Strip the pictures, then copy the remaining data exactly as it stands.

▸ **Dataset excerpt**:
===

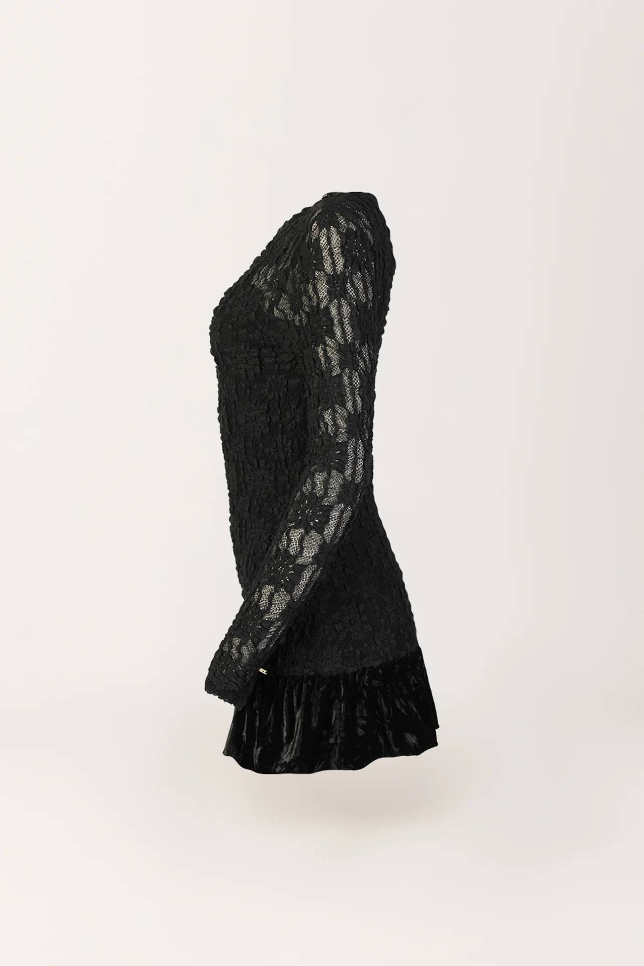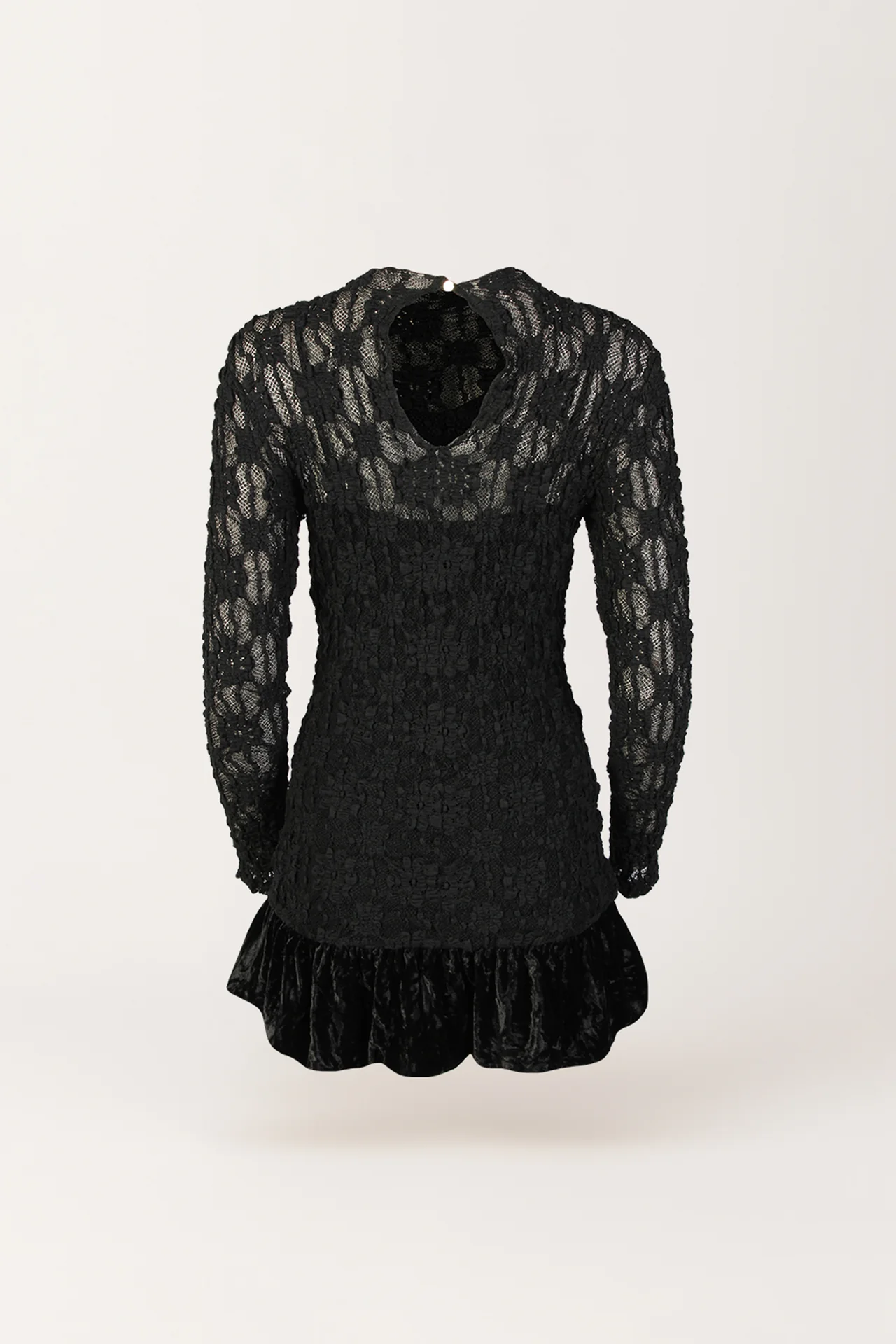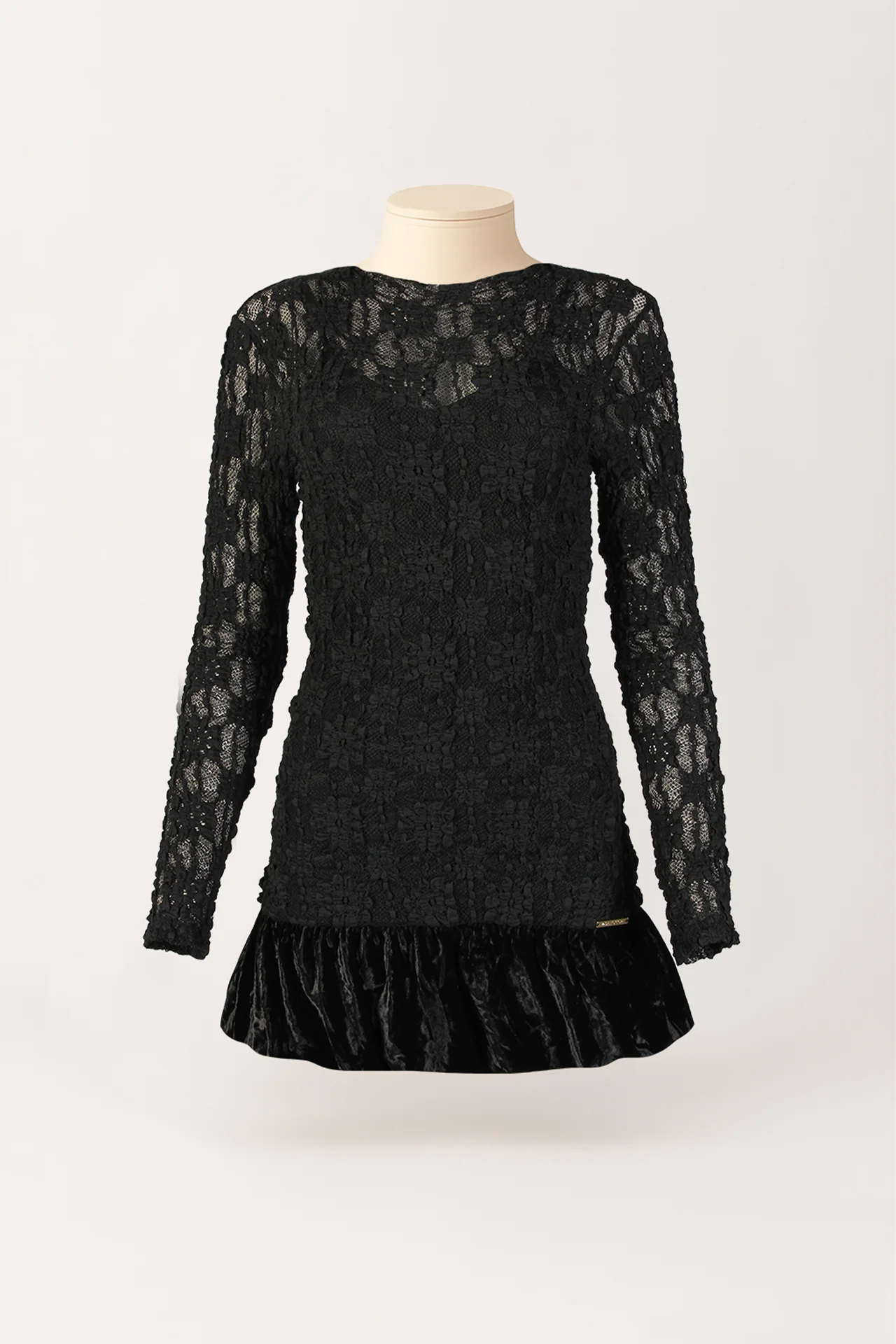 VESTIDO CURTO EM RENDA COM FOLHO EM VELUDO SAHOCO
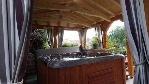Gîte "AU CADRAN SOLAIRE" is located in Triembach-au-Val, just 12 miles from Le Haut Koenigsbourg and 20 miles from Colmar Expo. With city views, this accommodation provides a patio. The accommodation offers a hot tub, free Wifi throughout the property, and a 24-hour front desk. Offering a terrace and garden views, the vacation home includes 4 bedrooms, a living room, satellite flat-screen TV, an equipped kitchen, and 2 bathrooms with a shower. Towels and bed linen are offered in the vacation home. The property has an outdoor dining area. Guests can make the most of the warm weather with the property's barbecue facilities. For guests with children, the vacation home features a children's playground. Guests at Gîte "AU CADRAN SOLAIRE" can enjoy skiing and hiking nearby, or make the most of the garden. House of the Heads is 21 miles from the accommodation, while Saint Martin Collegiate Church is 22 miles from the property. Strasbourg International Airport is 23 miles away.
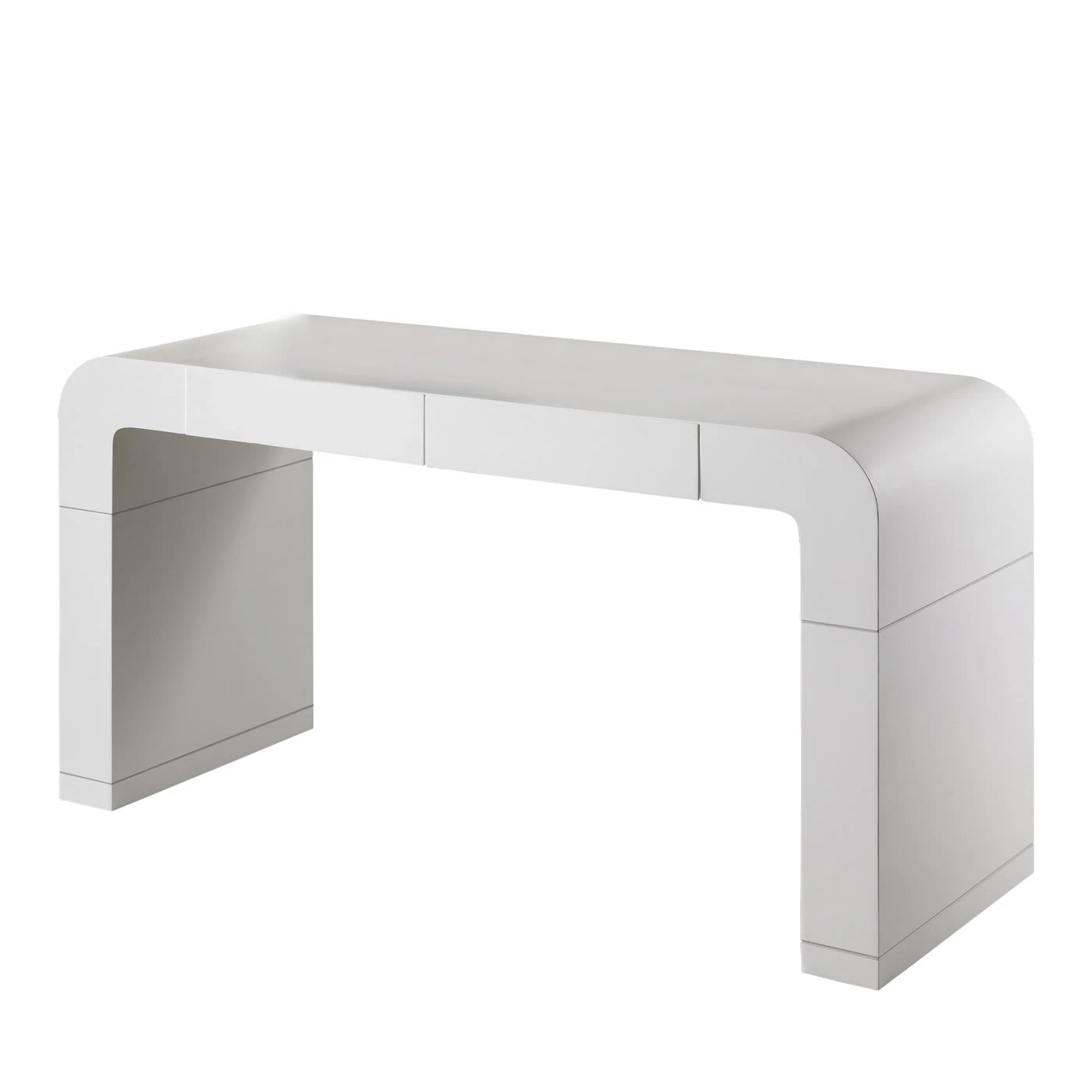 This distinctly contemporary desk draws inspiration from the ethereal elegance of clouds. The frame in curved plywood and MDF showcases a simple yet sinuous silhouette that includes two drawers perfectly blending in with the structure thanks to strategical milled details. The choice of opaque white lacquer enhances the desk’s clean, delicate aesthetic.

===

▸ **Answer**:
 VESTIDO CURTO EM RENDA COM FOLHO EM VELUDO SAHOCO
Gîte "AU CADRAN SOLAIRE" is located in Triembach-au-Val, just 12 miles from Le Haut Koenigsbourg and 20 miles from Colmar Expo. With city views, this accommodation provides a patio. The accommodation offers a hot tub, free Wifi throughout the property, and a 24-hour front desk. Offering a terrace and garden views, the vacation home includes 4 bedrooms, a living room, satellite flat-screen TV, an equipped kitchen, and 2 bathrooms with a shower. Towels and bed linen are offered in the vacation home. The property has an outdoor dining area. Guests can make the most of the warm weather with the property's barbecue facilities. For guests with children, the vacation home features a children's playground. Guests at Gîte "AU CADRAN SOLAIRE" can enjoy skiing and hiking nearby, or make the most of the garden. House of the Heads is 21 miles from the accommodation, while Saint Martin Collegiate Church is 22 miles from the property. Strasbourg International Airport is 23 miles away.
 This distinctly contemporary desk draws inspiration from the ethereal elegance of clouds. The frame in curved plywood and MDF showcases a simple yet sinuous silhouette that includes two drawers perfectly blending in with the structure thanks to strategical milled details. The choice of opaque white lacquer enhances the desk’s clean, delicate aesthetic.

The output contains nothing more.